Sesungguhnya ikhtilaf atau perbedaan ulama yang sering kita dengar saat ini merupakan suatu fenomena yang sama sekali tidak baru. Bahkan bisa dikatakan bahwa ikhtilaf ulama yang kita dapati saat ini merupakan hal yang biasa dalam Islam yang sejatinya merupakan bukti kekayaan khazanah dalam agama ini. Jika dianggap bahwa ikhtilaf dalam agama Islam ini merupakan suatu ketidak sempurnaan, maka pendapat ini sama sekali tidak benar.

Islam memberikan ruang yang sangat luas bagi akal manusia untuk mencerna berbagai hal yang ada dalam kehidupannya. Tidak terbatas dalam hal keduniaan, namun juga pada hal yang sifatnya reliji. Demikianlah sesungguhnya tujuan dan maksud Allah SWT dalam penciptaan manusia yang sempurna. Dikatakan sempurna karena makhluk yang bernama manusia ini diberikan akal pikiran,bukan otak semata.

Banyak ayat al-Quran yang menunjukkan fakta bahwa manusia diperintahkan untuk menggunakan akal pikirannya dalam rangka mencapai suatu titik kulminasi berupa penghambaan diri kepada Allah SWT. Bahkan wahyu pertama yang diterima oleh Nabi Muhammad SAW merupakan wahyu yang konten keseluruhannya bernafaskan keilmuan (baca: Knowledge).

Berdasarkan hal ini,maka perbedaan atau ikhtilaf dalam agama Islam merupakan sebuah fenomena yang syar’i yang menunjukkan bahwa betapa agama Islam merupakan agama yang logis dan bisa diterima oleh akal. Disamping itu, fenomena ini juga merupakan bukti betapa luasnya khazanah keilmuan yang ada dalam agama Islam.
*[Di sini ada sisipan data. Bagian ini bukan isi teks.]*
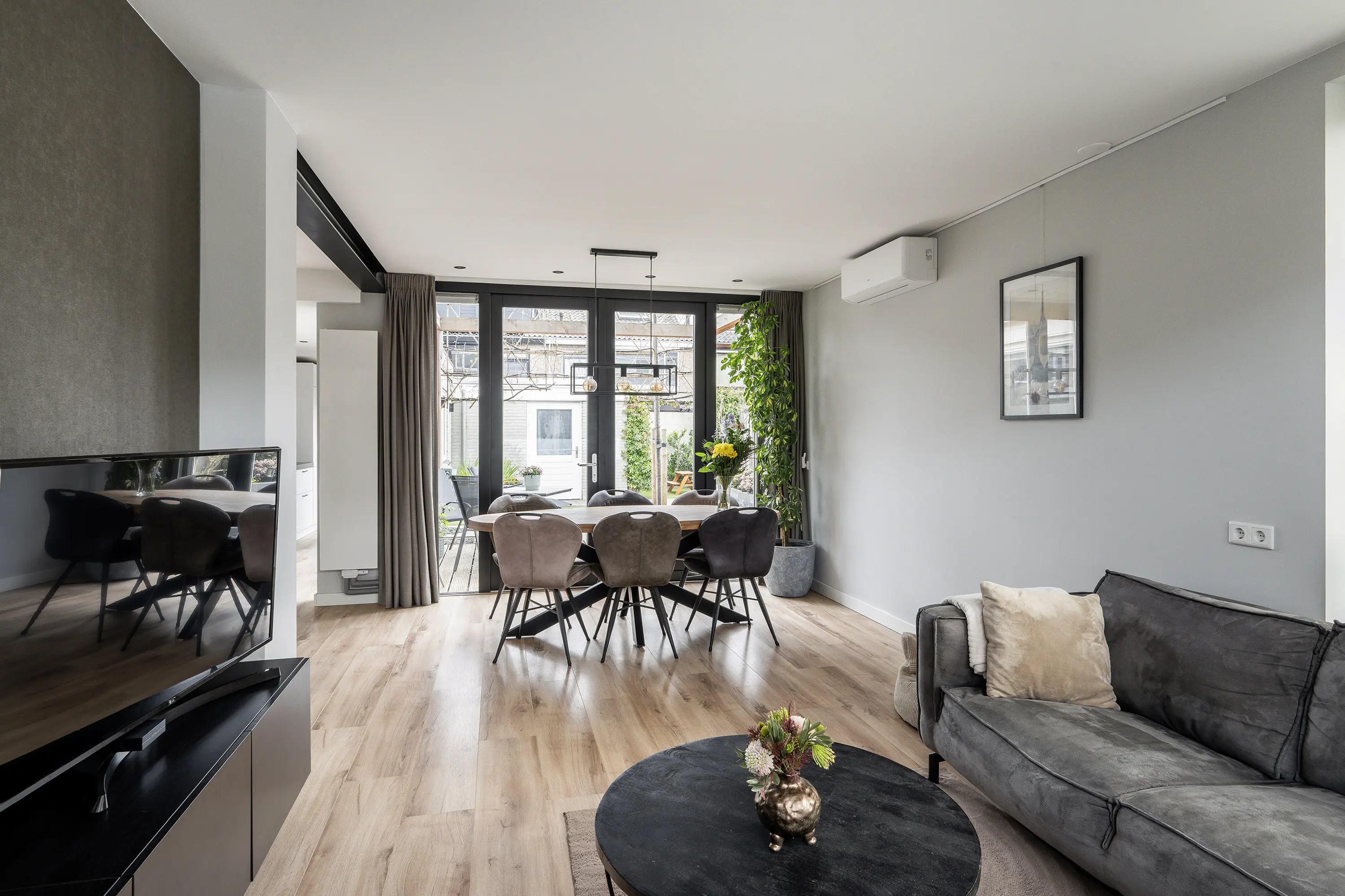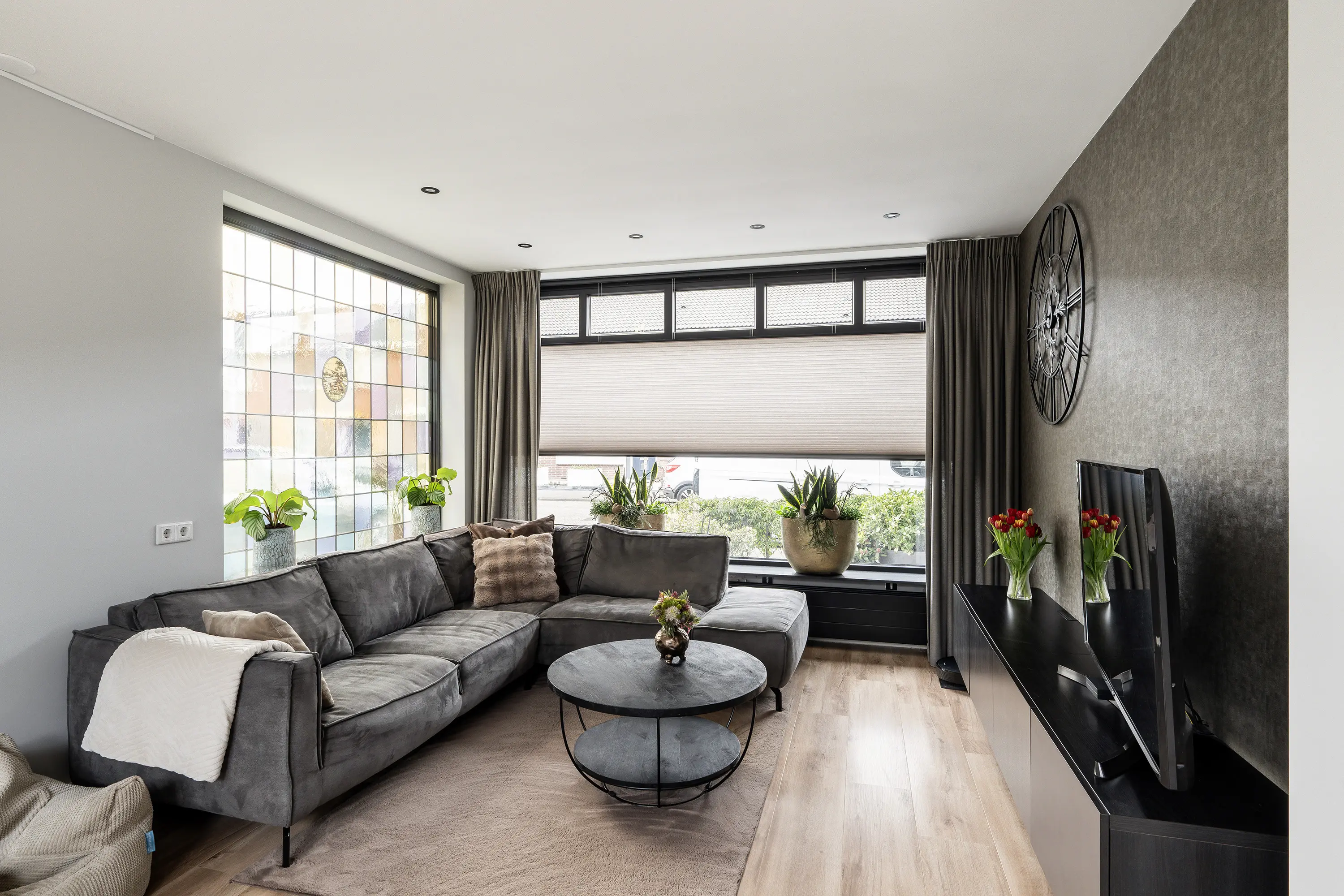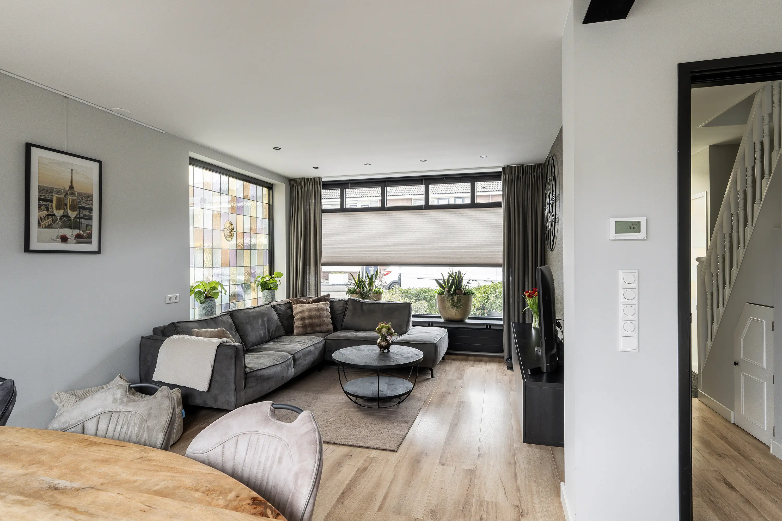 De woonkamer is ruim opgezet en heerlijk licht dankzij de grote raampartijen aan de voor- en zijzijde. De zithoek is gesitueerd aan de voorzijde en biedt een prettig uitzicht op de voortuin.
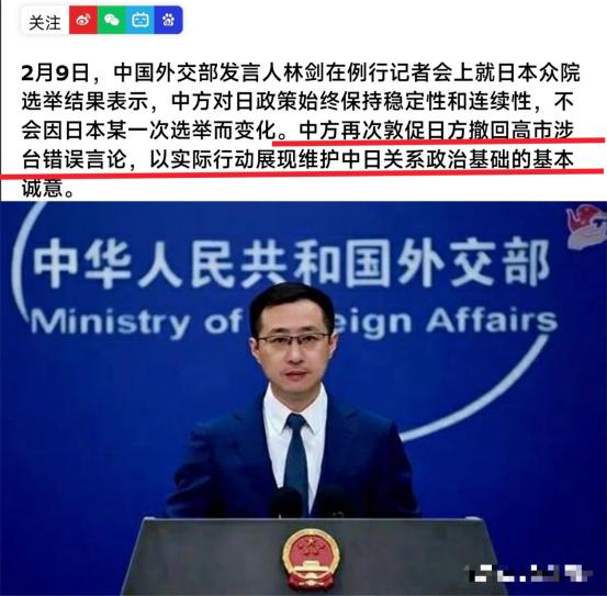 中方对日本政府的表述有改变:从【日本政府】变成了【日本执政当局】同时持续要求日本高市必须撤回涉台危险言论!中方表示日本选举政局与中国无关 对中国毫无影响,中方依然持续发展壮大! 这个措辞变化发生在日本众议院选举后不久。高市早苗领导的执政联盟获得了过半议席,但中国外交部发言人林剑在回应时,首次用了“日本执政当局”这个新说法,并且明确强调了三个“坚定不移”的立场。 其实称呼变化这个事儿,还挺讲究的。以前说“日本政府”,是一种常规、中性的说法;现在改称“日本执政当局”,听起来就多了层意味:好像不是针对整个国家,而是特指眼下掌权的这拨人。 这种措辞调整,背后是对日本近期一系列越界言行的回应。尤其是高市早苗多次把“台湾有事”和“日本安全”强行挂钩,甚至暗示可能动用武力介入台海。这些话不仅踩了中国的红线,也违背了中日之间几十年来达成的基本共识。 要知道,早在1972年《中日联合声明》里,日本就明确承认台湾是中国的一部分,并承诺不支持“台独”。可高市上台后,却把涉台问题当成外交筹码,甚至拿来为国内选举造势。 面对这样的挑衅,中方的反应既坚定又克制。一方面,在外交场合改用“执政当局”这一更精准的表述,划清“反对的是政策,不是人民”的界限。 另一方面,采取有针对性的反制措施,比如暂停进口日本水产品、管控稀土资源等。这些举措直接让日本市场倍感压力,而这种压力也很快传导到民众和企业层面。 与此同时,中方也明确划清内外界限。日本有些政客喜欢把国内问题甩锅给中国,说什么“被中国打压才选情不利”。 对此,中方直接回应:你们的选举跟我们没关系,我们也不干涉。你可以换首相、换政党,但只要涉及台湾、历史、领土这些根本问题,中国的立场不会因为你的政治周期而动摇。 有意思的是,日本内部对高市的做法也开始出现质疑。前首相鸠山由纪夫、桥下彻等人公开批评她“缺乏战略眼光”;渔民、旅游业者走上街头抗议政策误国;普通市民也担心被卷入不必要的冲突。 总而言之,外交言辞变化的背后,是核心利益的博弈。中方用词调整既表达了明确警告,也留出了余地。接下来,就要看日本执政当局是否能够读懂这些信号,用行动来消除紧张根源。 而无论外部风云如何变幻,中国都将按照自己的节奏持续发展壮大。这不仅是对自身实力和国际影响力的自信,更是应对一切复杂局面的最坚实基础。 对此你有什么看法?欢迎在评论区留言讨论。 文|墨海 编辑|史叔
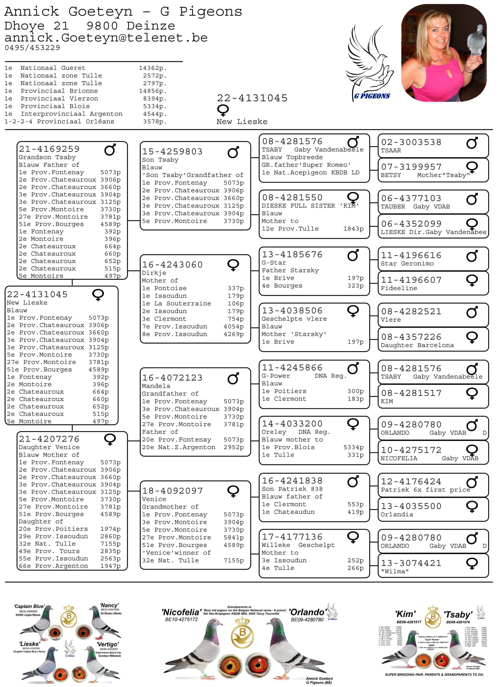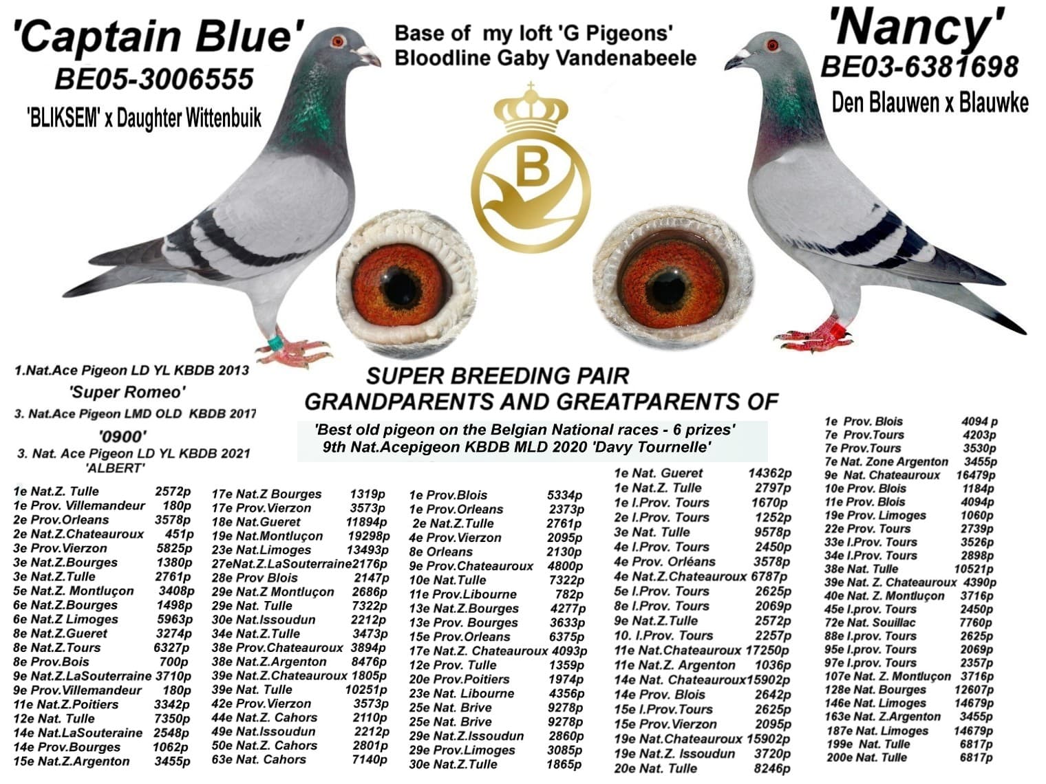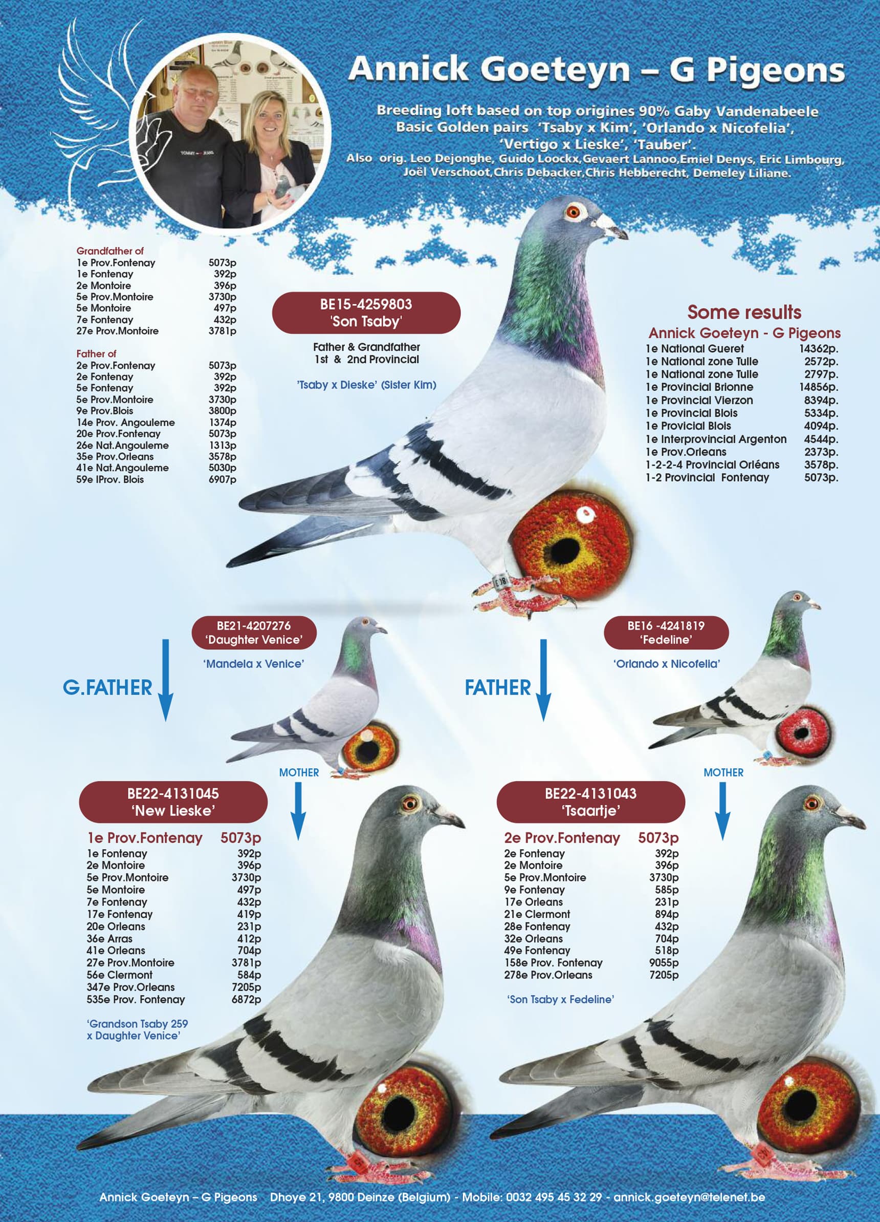 Direct daughter “Leono” (grandson “Neptunus” - Gaby Vandenabeele) x “Blue Icy” (granddaughter “Tsaby” – Gaby Vandenabeele)
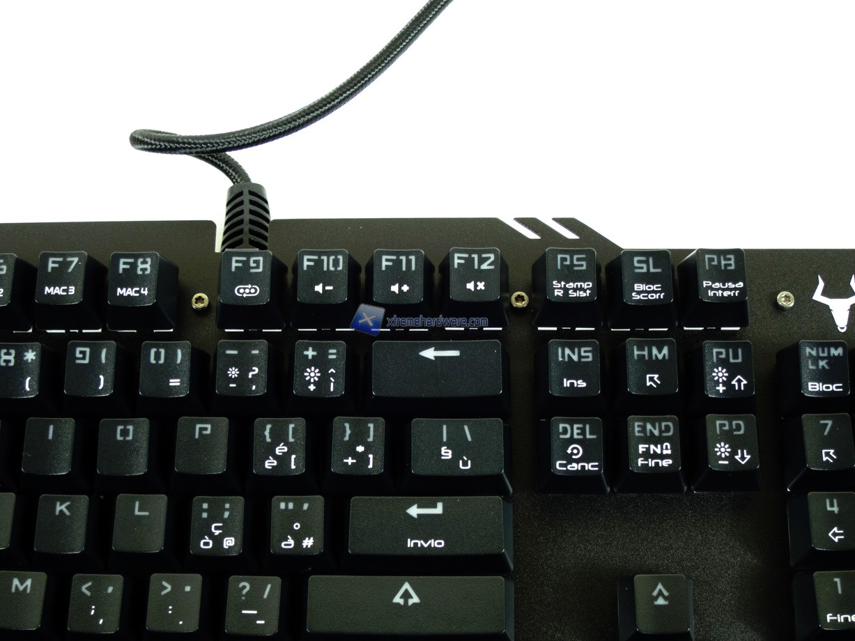 Posta la tastiera frontalmente osserviamo la struttura esposta degli switch meccanici come già visto in altre tastiere meccaniche più famose quale Corsair o Razer. Ciò aiuterà ad irradiare maggiormente la retroilluminazione dei singoli tasti.
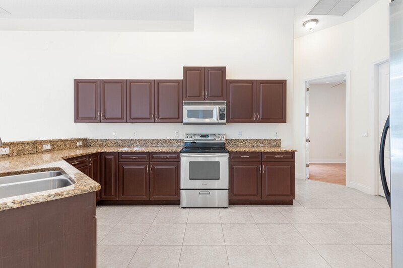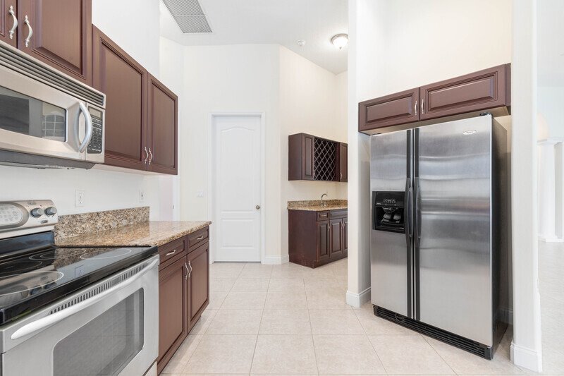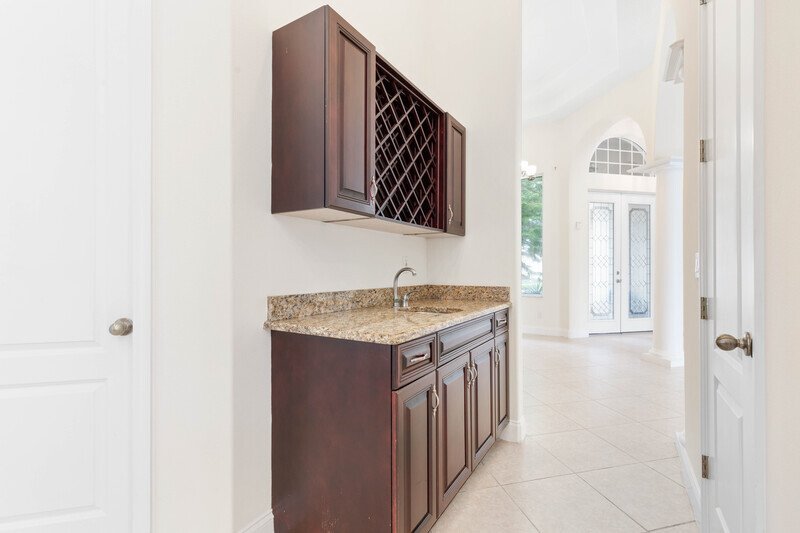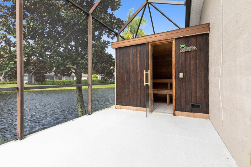 THIS SPACIOUS, LAKEFRONT POOL HOME FEATURES ALL TILE AND WOOD FLOORING THROUGHOUT... COVERED PORCH, SAUNA, SCREENED IN POOL AND SPA WITH LAKE VIEW... SPACIOUS KITCHEN WITH STAINLESS STEEL APPLIANCES, GRANITE COUNTERTOPS, UPGRADED CABINETRY, WINE STORAGE, RAISED COUNTER BAR AND BREAKFAST NOOK... SPLIT BEDROOM PLAN, LARGE MASTER SUITE OFFERS OVERSIZED DOUBLE SINK VANITY, LARGE ROMAN RUB, WALK-IN SHOWER AND HUGE WALK-IN CLOSET... FOYER, FORMAL LIVING ROOM, AND FAMILY ROOM WITH ENTERTAINMENT CENTER ALCOVE... COVERED/SCREENED IN PORCH WITH POOL, SPA, BATHROOM ACCESS, AND SAUNA... 2 CAR GARAGE WITH ELECTRIC OPENER.
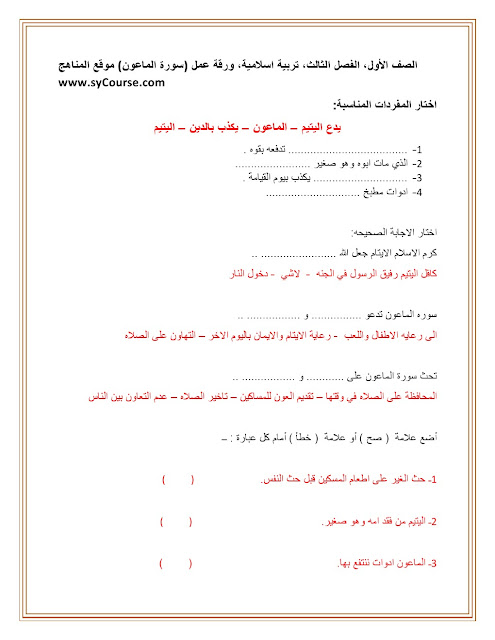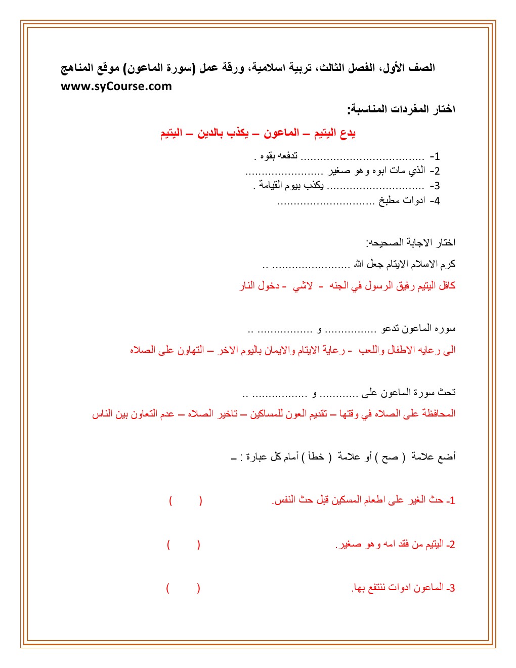 معلومات الملف: الصف الأول, الفصل الثالث, تربية اسلامية, ورقة عمل (سورة الماعون) | ||
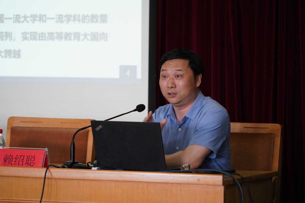 5月17日下午,西北大学副校长赖少聪应邀来校作学术交流,在一教九楼学术报告厅作“‘双一流’背景下高等学校学科建设策略”主题报告。校长王凤鸣,副校长闫军印、王滨出席报告会,各学院负责人和相关教师代表聆听报告会。闫军印主持会议。
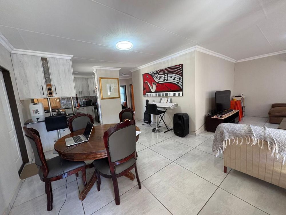 Open-plan lounge, dining room, and kitchen with built-in cupboards, eye-level oven, hob, and extractor fan
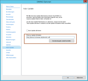 In der Software gelangen Sie über daVinci-Optionen → Auto-Update in das folgende Menü:

Ikhtilaf telah muncul sejak masa Nabi Muhammad SAW masih hidup, setelah beliau wafat, juga pada masa para sahabat, pada masa tabi’in, pada masa tabi’ittabi’in, pada masa generasi tiga abad pertama hijriyah hingga saat ini. Demikian panjangnya sejarah munculnya ikhtilaf tersebut sehingga kita pun harus bisa menyikapi hal ini dengan arif dan bijaksana.

Yang perlu digaris bawahi adalah bahwa ikhtilaf yang terjadi sejak dahulu itu tidak ada satupun yang masuk ke ranah ushul atau yang kita sebut dengan ranah prinsip dasar agama. Perbedaan pendapat ulama terjadi hanya dalam masalah cabang atau yang kita sebut dengan masalah furu’iyyah. Karena masalah furu’iyyah ini merupakah masalah yang bukan asas, maka yang dibutuhkan adalah kelapangan dada dari segenap masyarakat muslim dalam menerima perbedaan tersebut.

Dengan kata lain, jangan jadikan perbedaan ini sebagai usaha pengkafiran atau membid’ahkan amalan muslim lainnya. Bukankah Nabi Muhammad SAW telah mengajarkan bahwa jika terjadi kesalahan dalam usaha ijtihad, maka ia mendapatkan hanya satu pahala, namun jika benar maka 2 pahala yang diraihnya. Salah atau benar dalam hal furu’ tidak menjadikan seorang muslim otomatis berubah menjadi kafir.

Ada baiknya kita berpegang pada pendapat yang dikatakan oleh Hasan Al-Banna:

نعمل فيما اتفقنا ونعتذر فيما اختلفنا

Pada suatu yang kita sepakat, mari kita laksanakan bersama. Dan pada suatu yang kita tidak sepakati, mari kita berlapang dada.